Met with the senior administrative team this morning to give them an update on where we are with our new school Website that we’re building around Manila sites. Everyone liked the look (thanks, Bryan), and everyone likes the concept of having more people creating content on the site. That’s the good part. Now comes the piece that I knew I would have to tackle at some point: how do we make sure that all of this distributed content is appropriate and correct and representative of the Star School that is Hunterdon Central? The easy answer is that we put the onus of appropriate, correct and representative content on those who are creating it. But as past practice has shown, while most of what is generated for public consumption from our school is of high quality, there are moments when what we create does not reflect the highest standard. I think that’s probably true in most schools and organizations. At the moment, the senior team is very sensitive to these kinds of issues, and so the subject turned to Weblog as Website process.
First off, we decided that until we get more comfortable with this, we’re going to turn off the comments. Since we haven’t found a way to review comments before posting, this wasn’t going to happen anyway. Maybe a year or so down the road we can start experimenting with reader feedback. My superintendent wants two levels of review for posts that are made by advisers or departmental folk or whoever might be posting. Ultimately, the district public information officer would push the final “publish” button. I don’t think this is unreasonable as once we get all the sites running my guess is we’re talking about maybe a dozen posts a day (which would make me very happy.) With the notification feature in Manila, everyone in the loop could be notified automatically when a new post is queued for approval. So, in general, I can see it working. But there are all those little in between steps that I have to figure out. Who approves what? How, when, where do I train all of them? What flak will I get from adding the review process to a lot of people’s plates? Who is gonna win Iowa?

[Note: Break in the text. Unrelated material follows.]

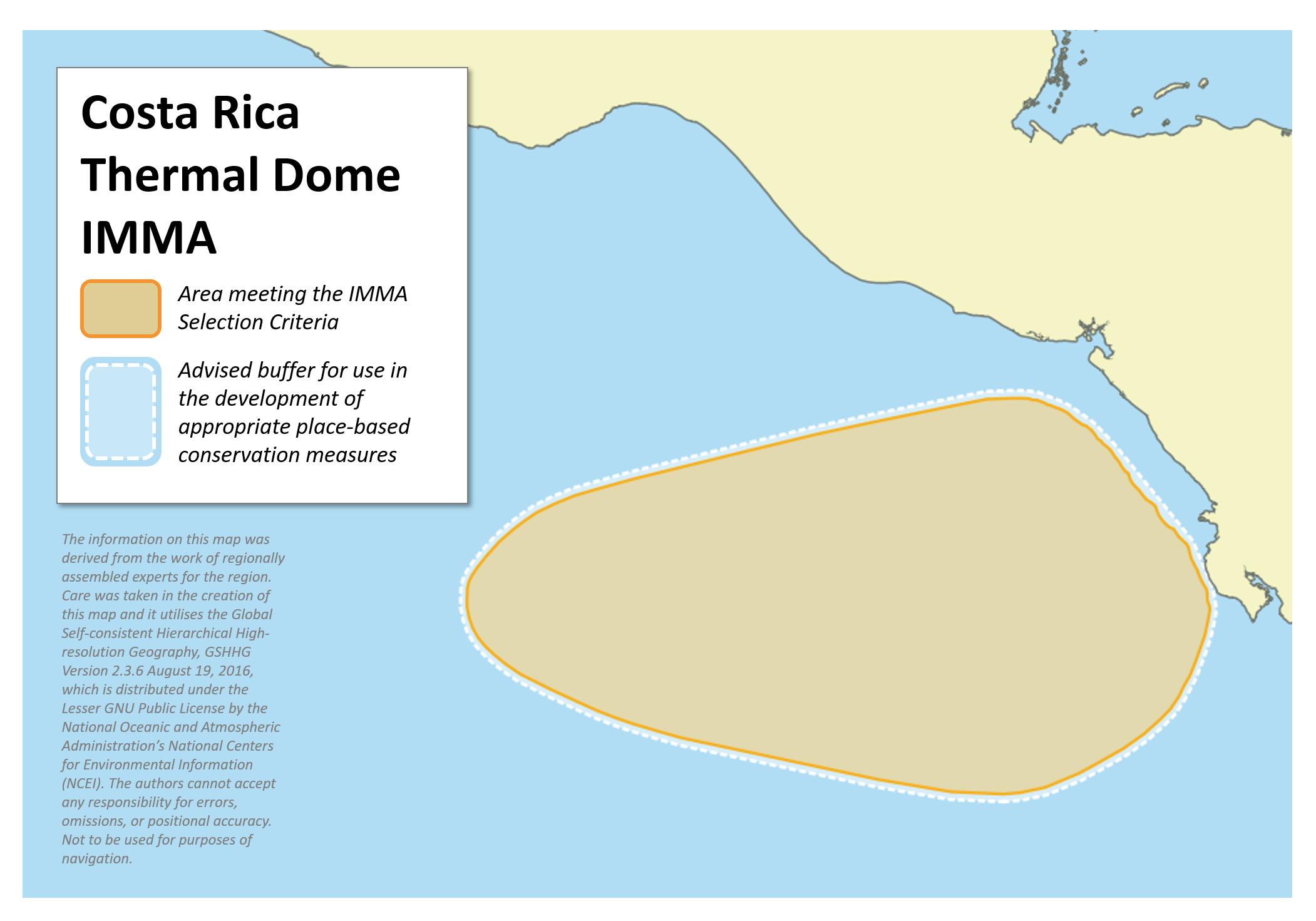 The Thermal Dome is located within and beyond the Exclusive Economic Zones (EEZs) of Central American countries in the Eastern Tropical Pacific. It is a phenomenon formed by the convergence of trade winds and sea currents that cause deep, cold and nutrient-rich waters to rise (upwelling). The thermocline is thus “lifted” up to about 15 meters from the surface, giving, through its bell shape, its name of “dome”. The size and location of the Thermal Dome is dynamic. Its average surface area is 530,000 km2. Its central zone is located around 9°N and 90°W, more than 65 km west of the borders of the EEZs of Costa Rica and Nicaragua, i.e. beyond their respective national jurisdictions.

I’m almost glad I’ve gotten to this step. It really has been the last kind of murky piece in the picture. I’ve got a pretty detailed process to write of how we get from idea to publish. Hopefully, when I’m done, we’ll really be ready to see if this works.
Thanks for blogging this. I’ve been watching and waiting to see how this will come together–who will approve the posts and how!
When I was the Web Director for the City of Austin we faced this issue of responsibility for content qulaity. The City Manager was reluctant to competely decentralize the authority. We reminded him that the department and division managers already had full authority over flyers, mailings an other means of direct contact with the public. Based on this fact, we ended up fully distributing content authority for the web. I am no longer with the City of Austin, but while i was there, we had a few problems, some serious. In my opinion though, those probems stemmed from a lack of understanding of the Web on the managers’ part resulting in them further delegating that authority without proper oversight in their own area.
This problem, I think, is related to the perception of web visitors as invisible – the phone’s not ringing – complaints are going to a “techie webmaster” – there’s no line of customers at the door. I think if managers are provided with meaningful (Tufte-like) data on visitors, they will be far more likely to attend to their content. Eager to see how this transpires.